The WKV operator maintains two running accumulators (a numerator and a denominator) that track an exponential moving average of key-value interactions. At each time step, the accumulators are decayed by the factor exp(-w) and updated with the current key-value contribution. The decay rate w is a trainable per-channel parameter, meaning each feature dimension can forget past information at a different rate. A separate "bonus" parameter (u) allows the most recent token to be weighted differently from historical tokens, giving the model fine-grained control over recency bias.^[1]

The output of the WKV operator is then gated by the sigmoid of the receptance vector:

output_t = sigmoid(r_t) * WKV(k_t, v_t)

This gating mechanism controls how much of the computed attention-like output passes through to the residual stream. The receptance gate acts as a learned filter that determines channel-wise responsiveness to the aggregated past information.^[1]

The key insight is that the exponentials in this formulation can be interpreted two ways: during training (time-parallel mode), they resemble softmax normalization, enabling parallelization across the sequence through prefix-sum (scan) operations; during inference (RNN mode), they function as multiplicative decay in a persistent memory, enabling O(1) per-step computation. This mathematical equivalence is what allows the same model to switch seamlessly between modes.^[1]

Channel-Mixing Block

The channel-mixing block performs feature integration across the embedding dimensions (channels), where each element in the feature vector gathers information from other dimensions to update its own value. It follows a structure similar to the FFN in Transformers but uses RWKV-specific components:^[1]

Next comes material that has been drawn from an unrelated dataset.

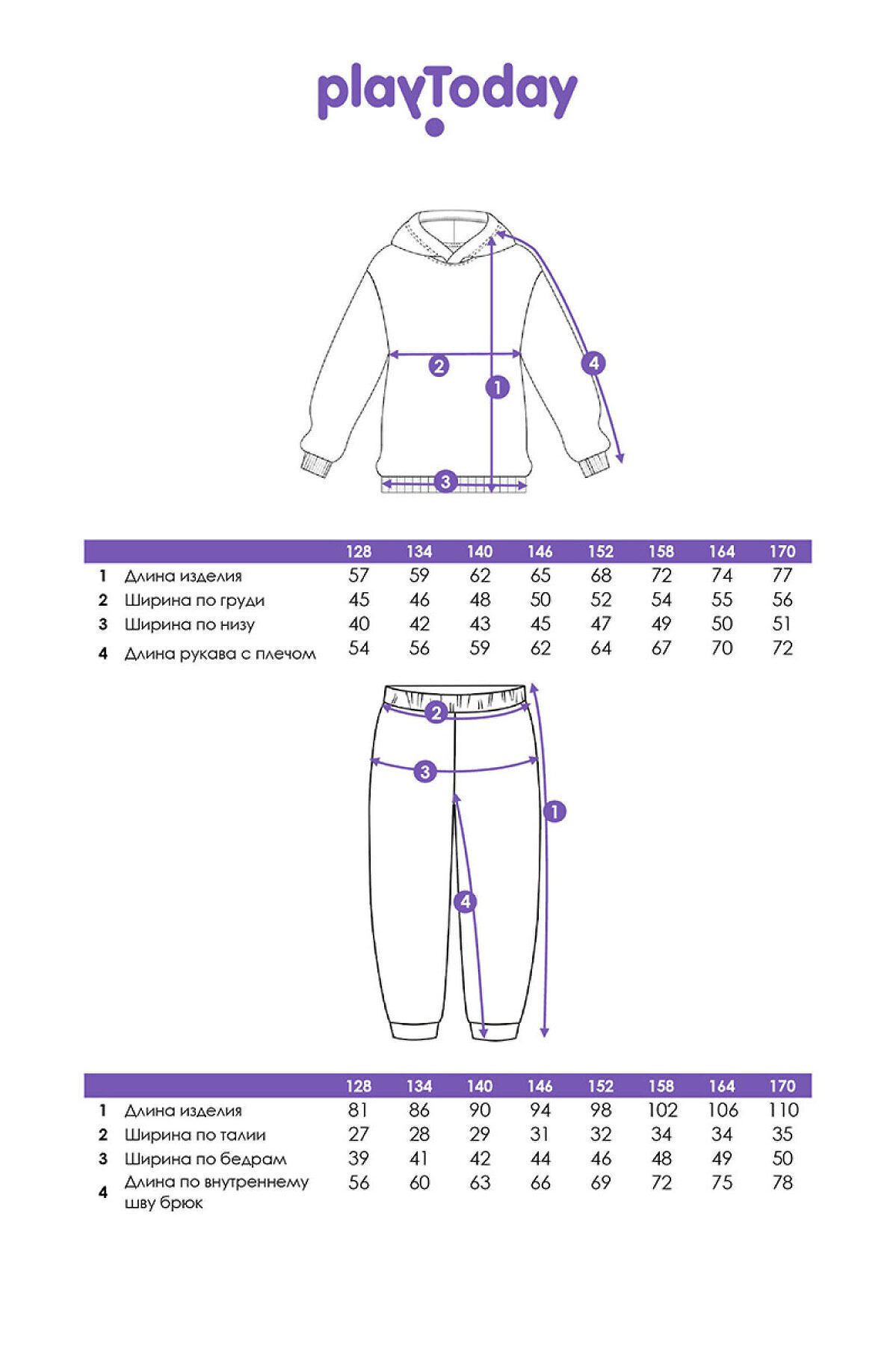 Стильный спортивный трикотажный костюм оверсайз с начёсом для девочки подростка от бренда PlayToday. Преимущества модели: + спортивный костюм для девочки подростка — комфорт и актуальный дизайн + толстовка-худи с капюшоном и длинным рукавом — удобно, модно, тепло + брюки на резинке с карманами и шнурком — практичные и универсальные + футер с начёсом — мягкий внутри, удерживает тепло + принтованный материал — яркий, стильный акцент + свободный крой (оверсайз) — не сковывает движений + полный размерный ряд: 128–170 см — подойдёт для девочек разных возрастов + трикотажный костюм утеплённый — отличный вариант на осень, зиму и весну Модный комплект включает утеплённую худи и брюки на резинке со шнурком. Выполнен из мягкого футера с начёсом — плотный, тёплый материал отлично сохраняет тепло и обеспечивает комфорт даже в прохладную погоду. Принтованное полотно делает образ динамичным и запоминающимся. Когда и как носить: Утеплённый костюм для девочек подходит для школы, прогулок, путешествий и активного отдыха. Можно носить как повседневную одежду или спортивный комплект. Идеален для межсезонья и зимы. Советы по стилю: Носите в комплекте или комбинируйте с базовыми вещами: худи отлично сочетается с джинсами, а брюки можно надеть с лонгсливом или свитшотом. Добавьте кроссовки, шапку-бини и рюкзак — получится модный городской образ для девочки подростка. Подходит для девочек от 8 до 16 лет.

A linear "key" projection followed by a squared ReLU nonlinearity (the element-wise square of ReLU activations), which provides stronger sparsity than standard ReLU
A linear "value" projection that produces the output
A sigmoid-applied "receptance" gate that multiplies the output element-wise, controlling the flow of information

The channel-mixing block also uses token shift for its inputs, with separate learned mixing parameters distinct from those used in the time-mixing block.^[1]

How can one model run as both a Transformer and an RNN?

A defining feature of RWKV is its ability to operate in two mathematically equivalent modes:

Mode	Used During	Complexity (Time)	Complexity (Memory)	Description
Time-Parallel	Training	O(BTd^2)	O(BTd)	Processes entire sequences in parallel across GPUs, similar to Transformer training
RNN	Inference	O(Td)	O(d)	Processes one token at a time with fixed-size state buffers, no KV cache needed

Here B is batch size, T is sequence length, and d is model dimension. The equivalence between these two modes is achieved through algebraic manipulation of the exponential terms in the WKV operator. This duality means the same set of trained weights can be used for both high-throughput batch processing and low-latency single-token generation without any conversion or approximation.^[1]

Version History

RWKV has evolved through seven major versions since its initial release in 2021, with each iteration introducing significant architectural improvements.^[10] The following table provides a summary of the key differences across versions.

Version	Codename	Year	State Type	Decay Mechanism	Token Shift	Key Innovation
RWKV-4	Dove	2023	Vector	Fixed (w parameter)	lerp	First published paper, scaled to 14B
RWKV-5	Eagle	2023	Matrix-valued	Fixed per-head	lerp	Multi-headed matrix states (32x capacity)
RWKV-6	Finch	2023-2024	Matrix-valued	Dynamic per-timestep	ddlerp + LoRA	Data-dependent recurrence, state tuning
RWKV-7	Goose	2024-2025	Matrix-valued	Generalized delta rule	Simplified	Dynamic state evolution, regular language recognition

RWKV-1 (August 2021)

The first version replaced attention with long convolution and introduced the alternating time-mixing and channel-mixing block structure. It drew inspiration from the Attention Free Transformer (AFT) architecture proposed by Zhai et al.^[10]

RWKV-2 (2022)

The second version introduced the first true RNN formulation, implementing exponential moving averages for key-value pairs and a headQK mechanism for in-context learning. This version achieved genuine RNN-style inference with fixed-size hidden states, establishing the dual-mode property that became central to the architecture.^[10]

RWKV-3 (2022)

A transitional version that added trainable TimeMix factors for the R, K, and V parameters and switched from post-layer normalization to pre-layer normalization, improving training stability and convergence behavior.^[10]

RWKV-4 "Dove" (May 2023)

The first version published with a formal research paper, accepted at the Findings of EMNLP 2023.^[1] The paper, "RWKV: Reinventing RNNs for the Transformer Era," had 34 co-authors led by Bo Peng.^[1] RWKV-4 resolved numerical stability issues in the WKV operator and introduced the formal token shift concept using causal convolution. Models were released in sizes from 169M to 14B parameters, all trained on the Pile dataset (331 billion tokens).^[1] The authors summarize the result directly: "We scale our models as large as 14 billion parameters, by far the largest dense RNN ever trained, and find RWKV performs on par with similarly sized Transformers."^[1]

Variants included RWKV-4-Raven (instruction-tuned for chat), RWKV-4-World (multilingual, supporting 100+ languages), and RWKV-4-Music (trained on MIDI and ABC music notation for music generation).^[1]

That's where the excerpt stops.